Both Cobrinha and Mendes attacked with tight leg locks, but neither fighter was able to secure the submission.
When the 20 minute time period expires the score stands at 0x0, but Mendes is declared the winner due to a negative point Cobrinha scored for jumping guard.
The first meeting between the pair in 2012 was at the Pan Ams in California. This would be the only submission victory in all of their matches.
The match starts with Mendes pulling guard and immediately hunting the Berimbolo, Cobrinha defends with his legendary balance, then at around the four-minute mark something dramatic happens.
Rafa Mendes sweeps and immediately starts to pass Cobrinha’s guard. Cobrinha defends but leaves his arm exposed and Mendes pounces attacking with a tight armlock.
The finish comes shortly after and Rafael Mendes becomes the first person to submit Cobrinha in the featherweight division.
(Cobrinha’s only other submission loss as a black belt was against Rodolfo Vieira in 2011)
Just a few short months later, Cobrinha would face Mendes again in the finals of the Mundials (World Championships) in California.
Cobrinha clearly wanted revenge and had made some adjustments to his game. This was an incredibly close match with neither fighter giving an inch.
When the match ended neither fighter had scored a point and it came down to the referee’s to decide the victor.
Rafael Mendes was again crowned black belt featherweight champion of the world.
The next time the two would meet would be at the Pan Ams in California. Again this was an incredibly close match with neither competitor achieving any real dominance.
After a hard battle, the score stood at 2×2 and Mendes was again awarded the victory via referee’s decision.
So far the only major title to eluded Cobrinha had been the ADCC crown.
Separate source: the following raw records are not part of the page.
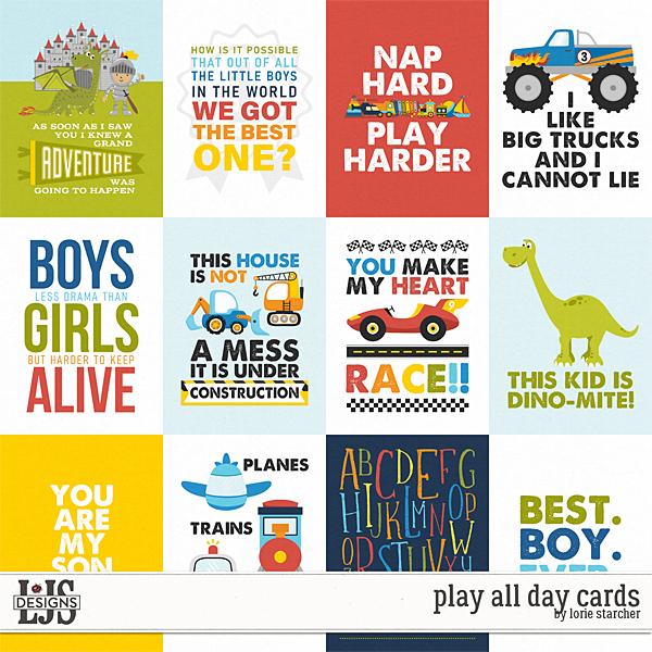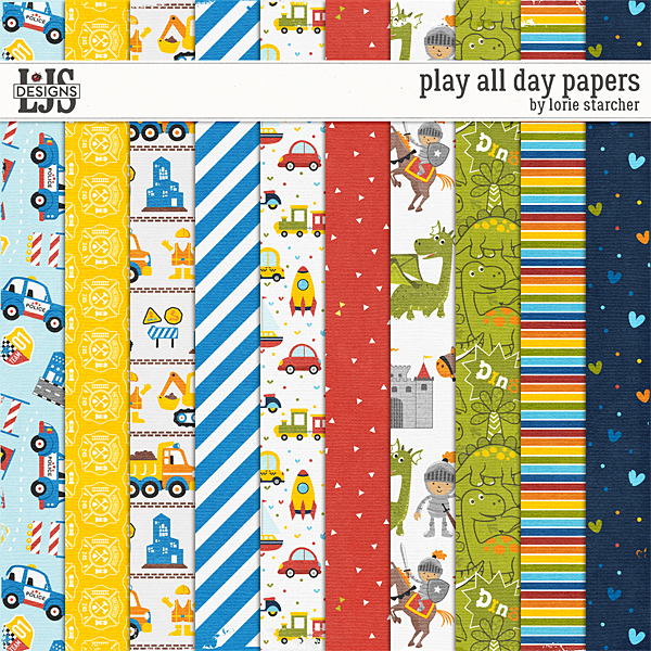 Play All Day by LJS Designs is a digital scrapbooking kit for little boys and their toys. Now that I am a grandma, my best days are spent playing with my grandson, discovering his new interests and watching him grow as he learns by playing. I may have created this kit with Wren in mind, but it also perfect to scrap play time with your little guy, scrap about his favorite toys or scrap his every day moments as he too grows through playing. Buy the Bundle and get the kit and the extra packs for a special price.
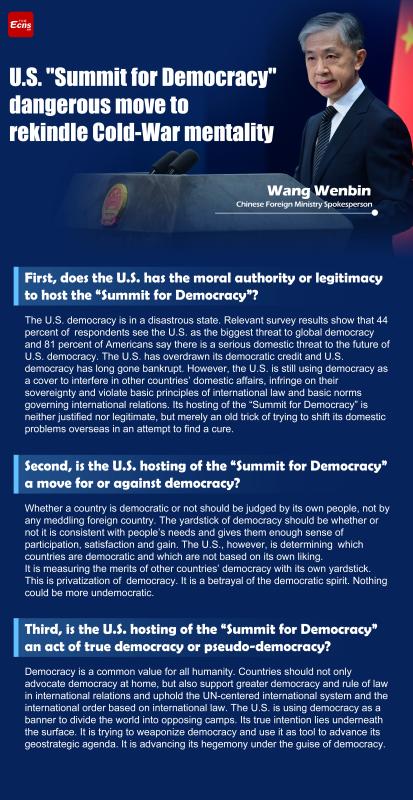 U.S. 'Summit for Democracy' dangerous move to rekindle Cold-War mentality: FM spokesperson
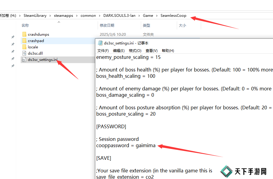 联机需要设置相同的密码:记事本方式打开游戏目录GameSeamlessCoopds3sc_settings.ini,找到cooppassword = gaimima,把“ gaimima”改成自己想要的密码,设置相同的密码才能联机。
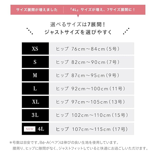 XS:ヒップ 76cm~84cm(5号) S:ヒップ 82cm~90cm(7号) M:ヒップ 87cm~95cm(9号) L:ヒップ 92cm~100cm(11号) XL:ヒップ 97cm~105cm(13号) 3L:ヒップ 102cm~110cm(15号) 4L:ヒップ 107cm~115cm(17号) ※号数は目安です。Bé-A〈ベア〉は伸びの良い生地を使用しています。腰周り、太もも周りに隙間がなく、ジャストフィットしていると快適にお過ごしいただけます。 <初めてご使用の前にお願いしたいこと> おろしたての生地は液体を弾きやすいため、正しく吸水力を発揮するために、ご使用前に一度洗濯機での予洗いをしてください。 少量の洗剤でショーツ単体を洗い、自然乾燥ののちお使いいただけます。 使い心地に慣れていただくためにも、最初はご自宅にいる時間が長い日や量の少ない日から徐々にお試しください。
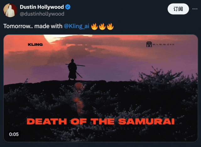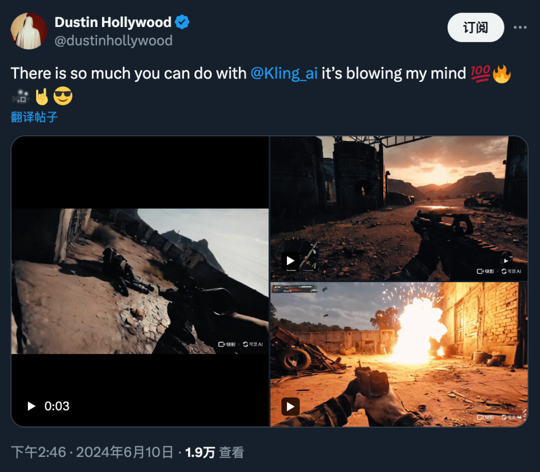 可灵生成作品。图源:https://x.com/dustinhollywood/status/1799970059957555210
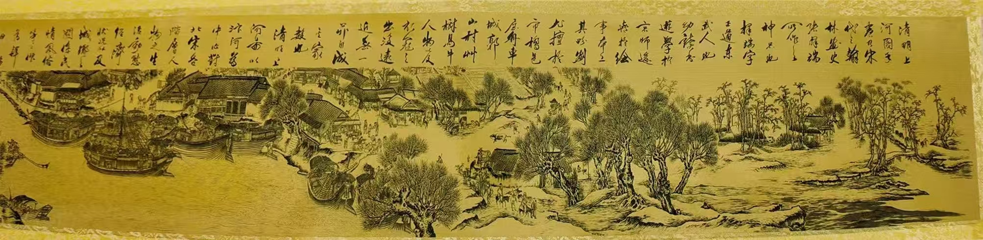 画卷内容可分三段:首段绘城郊春光,疏林薄雾间,农人耕作、商旅往来,毛驴驮货赶路,一派宁静的乡野气息;中段为画卷核心,展现汴河漕运盛景,河面船只穿梭,最引人注目的是一座巨型木结构拱桥,桥上行人如织,摊贩叫卖声仿佛可闻,桥下大船正放倒桅杆准备过桥,船夫们各司其职,场面紧张又富有生活情趣;后段则是繁华的市井街道,商铺林立,酒楼、当铺、茶坊一应俱全,车马行人摩肩接踵,士农工商、男女老少等各色人物神态各异,尽显北宋都城的富庶与热闹。

On the previous two occasions he had been in the tournament he’d lost to Rafa Mendes in the final.
The -66kg division in the 2013 ADCC was incredibly tough and included almost feature every major featherweight competitor in the world.
This fight turned out to be a war of attrition with much of the fight spent wrestling.
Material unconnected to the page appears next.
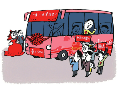 公交車(chē)變婚車(chē),折射婚俗觀念之變。告別奢華排場(chǎng),不搞虛榮攀比,選擇公交車(chē)作為婚車(chē),既保留了婚禮的儀式感,又摒棄了不必要的鋪張浪費(fèi),讓婚禮回歸情感表達(dá)的本質(zhì)。這一務(wù)實(shí)而富有新意的選擇,不僅體現(xiàn)了當(dāng)代青年追求個(gè)性、注重實(shí)效的價(jià)值取向,更是對(duì)鋪張浪費(fèi)、天價(jià)彩禮等陋習(xí)的自覺(jué)抵制,詮釋著簡(jiǎn)約適度、綠色文明的婚俗新風(fēng)。
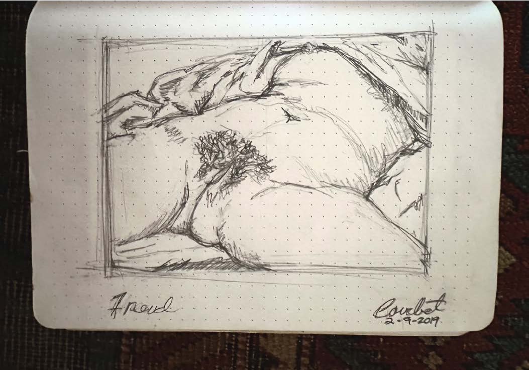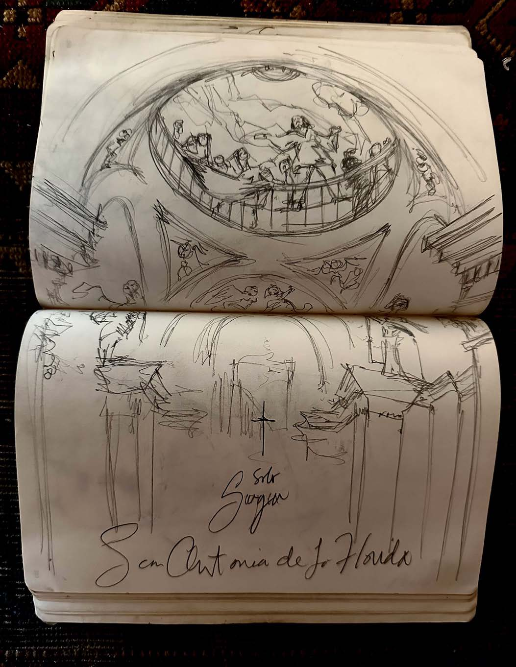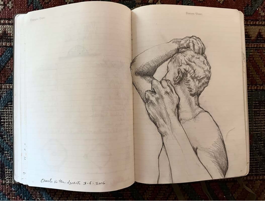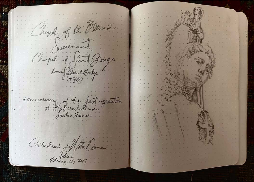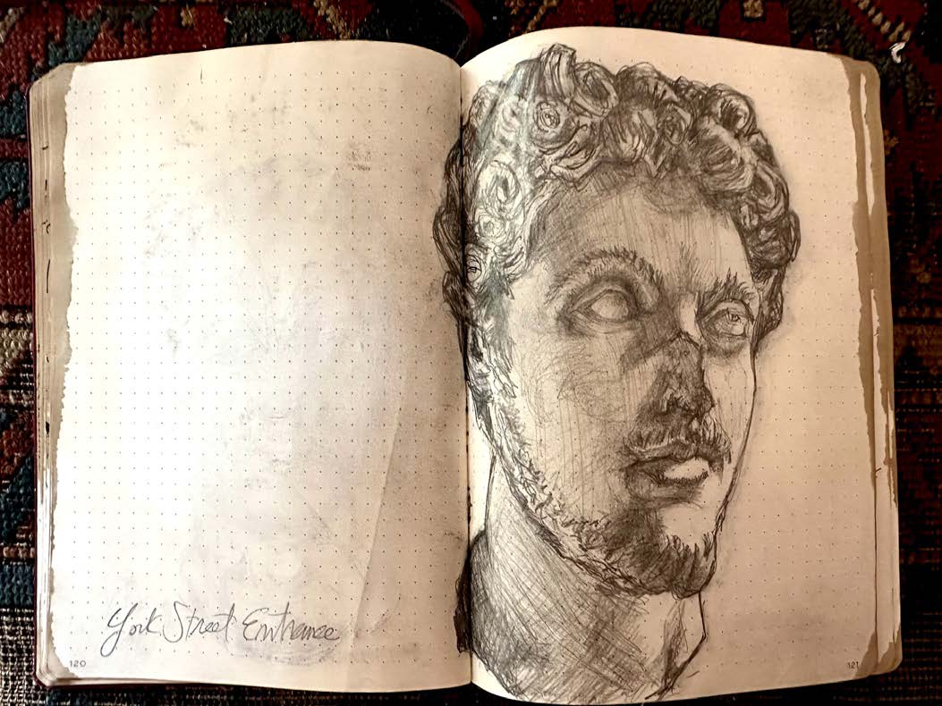 I began documenting my visits to museums, caves and churches inside of my Leuchtturm drawing journals after my eminent domain in 2014. The journals I work in are 8.25” X 5.5". The challenge of working in museums as passerby’s look over your shoulder and drawing inside of caves with prehistoric art with no lighting at all is all good practice to stay focused on the task at hand, doing what for some reason comes very natural to me.

After 40 minutes of action, Cobrinha was awarded the victory via referee’s decision and claimed his first ADCC title.
Cobrinha and Mendes would only face each other once in 2014 and that was in the final of the 2014 World Championships.
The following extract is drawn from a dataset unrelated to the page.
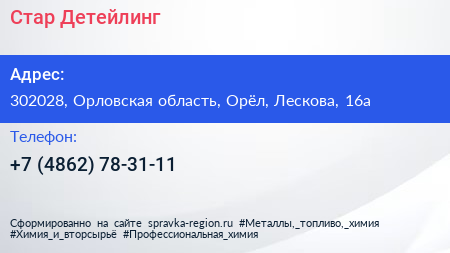 Стар Детейлинг по адресу 302028, Орловская область, Орёл, Лескова, 16а в дальнейшем Организация, размещена в следующих категориях:
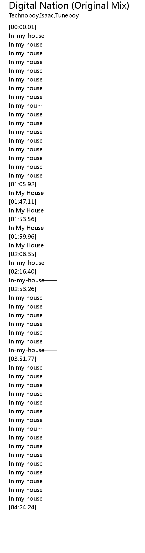 | [03:44.15] | Inmyhouse |

This was probably the most back and forth battle of all their matches. Both competitors secured numerous sweeps, but ultimately Mendes won the fight by 10×8.
Their final meeting to date took place at the world championships in 2015 in California.
This match is the most one-sided match between the two, after Mendes submission victory at the Pan Ams in 2012,
Mendes pulled guard and quickly inverted almost taking Cobrinha’s back and passing guard. Cobrinha manages to scramble back to 50/50 but only few moments later Mendes inverts again and takes Cobrinha’s back.
Although Cobrinha does manage to escape towards the end of the match, he’s unable to recover the points and Mendes wins by 6×0
The rivalry between Rafael Mendes and Rubens Cobrinha Charles has been one of the greatest in Jiu Jitsu history. Many of their matches are incredibly close and often won by referee’s decision or a single advantage.
Mendes is already considered one of the greatest Jiu Jitsu athletes ever and at only 26 years old and many people believe he is only just coming into his prime.
At 36 years old many people believe Cobrinha is coming to the end of his career. However, he is still an active competitor and still compete’s at the highest level. Most recently he won -66kg division again at the ADCC 2015.
This rivalry can be seen as a changing of the guard between the old and the new but if both athletes were in their prime some of the results may have been very different.
Mendes sums up the rivalry best in his Facebook post after winning the worlds in 2015.
“Royler inspired me to start my journey & Cobrinha brought the fire in me, because of Cobrinha I became probably ten times better than I would ever be if he was not there, I trained harder every single day.”
That is why rivalries like this take great fighters to exceptional and beyond.
Without a doubt both Mendes and Cobrinha will be remembered as two of the greatest Jiu Jitsu competitors of all time.